Ma conjointe et moi avons adapté une version écourtée pour pouvoir y inclure une brève présentation PowerPoint, des commentaires précisant certains faits historiques, un parchemin relatant l’expérience de la résistance de Kanesatake (crise d’Oka), ainsi qu’une vidéo de musique illustrant des enfants autochtones.

Il importe de mentionner aussi qu’il existe une version anglaise propre au territoire de Kanesatake (Oka [Québec]), développée par les gens de cette communauté, qui rapporte des faits touchants et désolants.

Et l’Église Unie?

Il y a 30 ans, le modérateur de l’Église Unie du Canada à l’époque, Robert Smith, s’est adressé aux aînés et aux aînées des Premières Nations pour présenter les excuses de l’Église Unie :

« Quand vous avez partagé votre compréhension du monde, nous avons fait la sourde oreille. Dans notre empressement à vous transmettre la Bonne Nouvelle de Jésus-Christ, nous sommes demeurés insensibles à la richesse de votre spiritualité.

« Nous n’avons pas su dissocier notre culture et nos mœurs occidentales de toute l’ampleur et la profondeur de l’Évangile du Christ.

« Nous vous avons imposé notre civilisation comme condition pour recevoir l’Évangile. »

En réponse à sa présentation, les peuples des Premières Nations du Synode autochtone ont exprimé le souhait « que les excuses ne soient pas un énoncé symbolique, mais bien l’affirmation sincère d’une intention d’agir ». Trente ans plus tard, ils attendent toujours de voir ce que signifient ces excuses3.

Un moment Kairos

Le terme kairos signifie « temps favorable ». C’est donc le bon moment d’utiliser cet outil qu’est l’exercice des couvertures de Kairos pour faire connaître des faits historiques méconnus.
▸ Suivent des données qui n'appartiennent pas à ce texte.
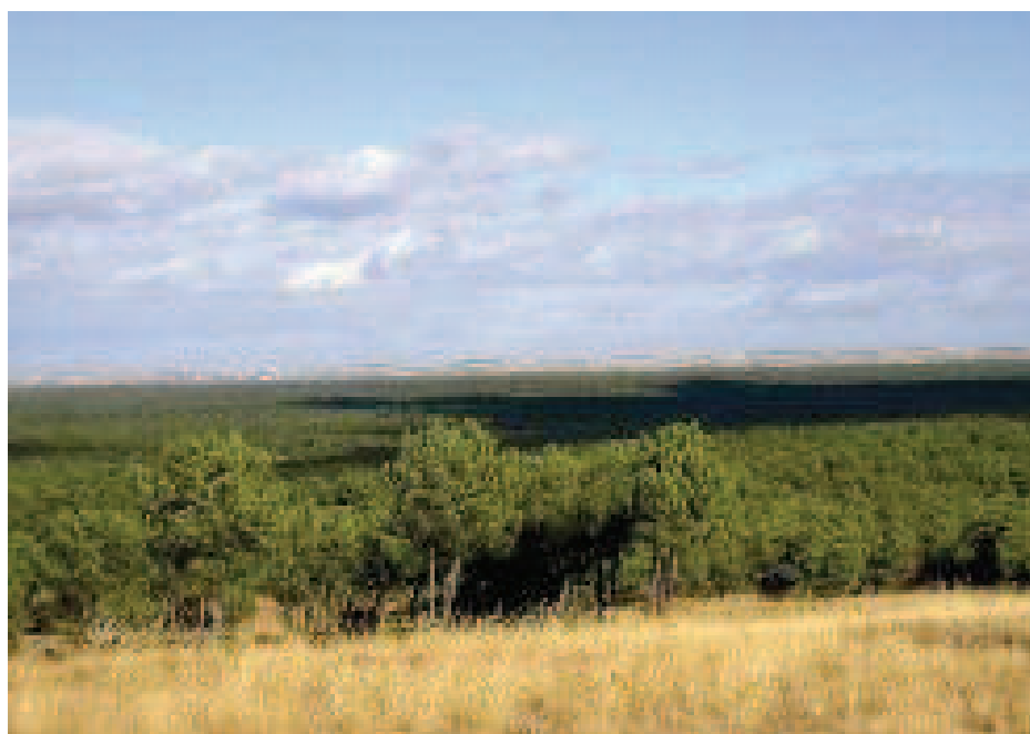
Mar de pinares

El elemento más destacado es el pino resinero que junto al pino piñonero dan nombre a la gran extensión de la Tierra de Pinares que caracteriza el recorrido. Con el aprovechamiento de la resina para aguarrás y otros productos, esta zona segoviana fue muy próspera hasta mediados de siglo XX, a partir de entonces, los productos fueron sustituidos por derivados del petróleo.

C’est l’occasion de voir la vie à travers l’expérience autochtone. C’est le moment de réfléchir à la façon dont nous voulons vivre ensemble. C’est le moment de réclamer justice. L’Église est prête à franchir la prochaine étape de la réparation afin d’accéder à une véritable réconciliation. C’est le moment d’agir pour guérir ensemble.

– Daniel Lacasse est semi-retraité. Avec sa conjointe Francine Lemay, il recherche des occasions de promouvoir l’histoire des Premières Nations de l’île de la Tortue et d’éveiller la conscience de la société dominante sur la réalité méconnue de cette histoire.

 

1 http://www.aadnc-aandc.gc.ca/fra/1100100014597/1100100014637

2 https://evemarieblog.wordpress.com/2014/04/11/mitshetuteuat-cercle-de-parole/

3

 

Publié dans Vérité et réconciliation : les Autochtones et l’Église, numéro hors série d’Aujourd’hui Credo, décembre 2017.